What surprised you most about this experience?

Sage: The biggest surprise to come out of this experience is that I actually enjoyed the race! I was afraid that I wouldn't be able to have fun during the race because 13 miles was such an intimidating distance for me, but I had a blast. Everyone was so supportive of each other -- more than 20,000 runners. It was unforgettable.

What's the best piece of training advice you received?

Sage: The best pieces of advice came from marathon guru Jeff Galloway. At the top of the list was: Conserve your energy -- and that's exactly what I did while running with him on race day and using his run/walk method. I wanted to run at least the first mile, but he wanted to implement his strategy immediately, which was to run 40 seconds and walk 20 seconds each minute. So we compromised, and he let me run the first four minutes before switching to his strategy. I struggled with that ratio at first, but realized after a few miles that this was definitely going to work -- and it did. One of the other good pieces of advice was simple: Have fun! I had to let go of my competitive side for an hour or so and just enjoy the moment, enjoy meeting people on the course, enjoy the amazing Disney atmosphere (running through Magic Kingdom in particular was phenomenal) and enjoy the fact that all of my hard work was paying off. It was a blast, and yes, I am very proud that I accomplished something that I never thought I could accomplish.
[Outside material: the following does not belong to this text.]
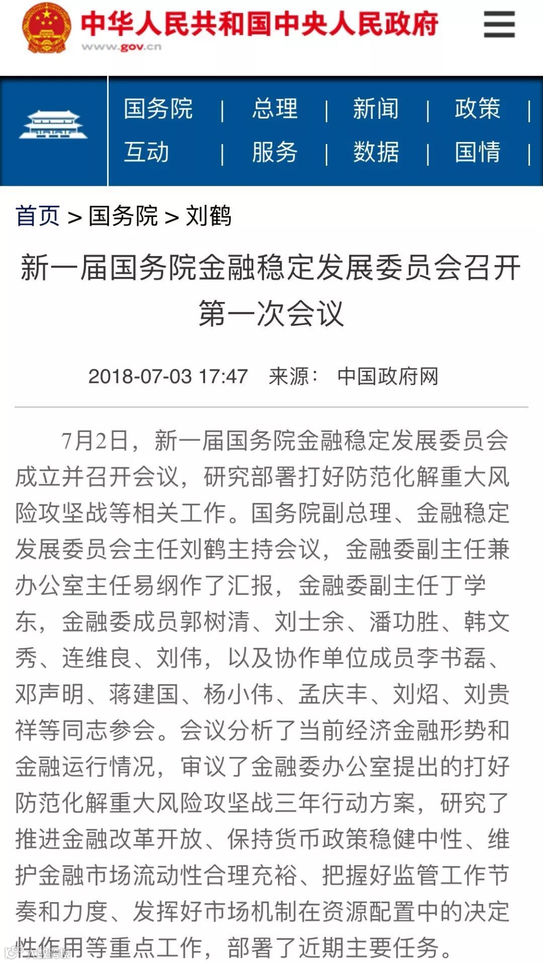 需要说明的是,尽管此前媒体多把国务院金融稳定发展委员简称为金稳委,但从官方的新闻稿看,官方则将其简称为“金融委”。不过,为方便读者认知,本文仍称金稳委。

What was the most inspiring moment on the course?

Sage: The most inspiring moment on the course was when I passed a woman who had a picture of her son pinned to the back of her shirt. Her son was killed in Afghanistan and she was running the race in memory of him. I spoke with her briefly -- encouraging her to keep on running. It was humbling and inspiring at the same time. I come from a military background, so I am very sensitive to the sacrifices that our troops make for us, and seeing that mother out there running for her son was very emotional, and actually helped me finish strong.

What was the hardest point on the course for you?

Sage: The hardest point for me was the last mile. Although I ran alongside Jeff Galloway the entire race -- using his run/walk method -- he allowed me to do what I wanted the last 1 to 1.5 miles. So I decided to run it hard, and that last 0.8 of a mile was brutal. My knees were a bit sore at that point and I had a few small blisters on my toes, but I refused to slow down. I was close to a sprint for the last half-mile, and it really hurt but it also felt so good. The only reason I was able to pick it up so much during the end is because I listened to Jeff the whole way, which means I conserved energy and gradually got faster as the race went on. That competitive side of me really kicked in, too; I passed literally hundreds of runners that last mile, and it's all thanks to Jeff's method. Awesome. I'm sold!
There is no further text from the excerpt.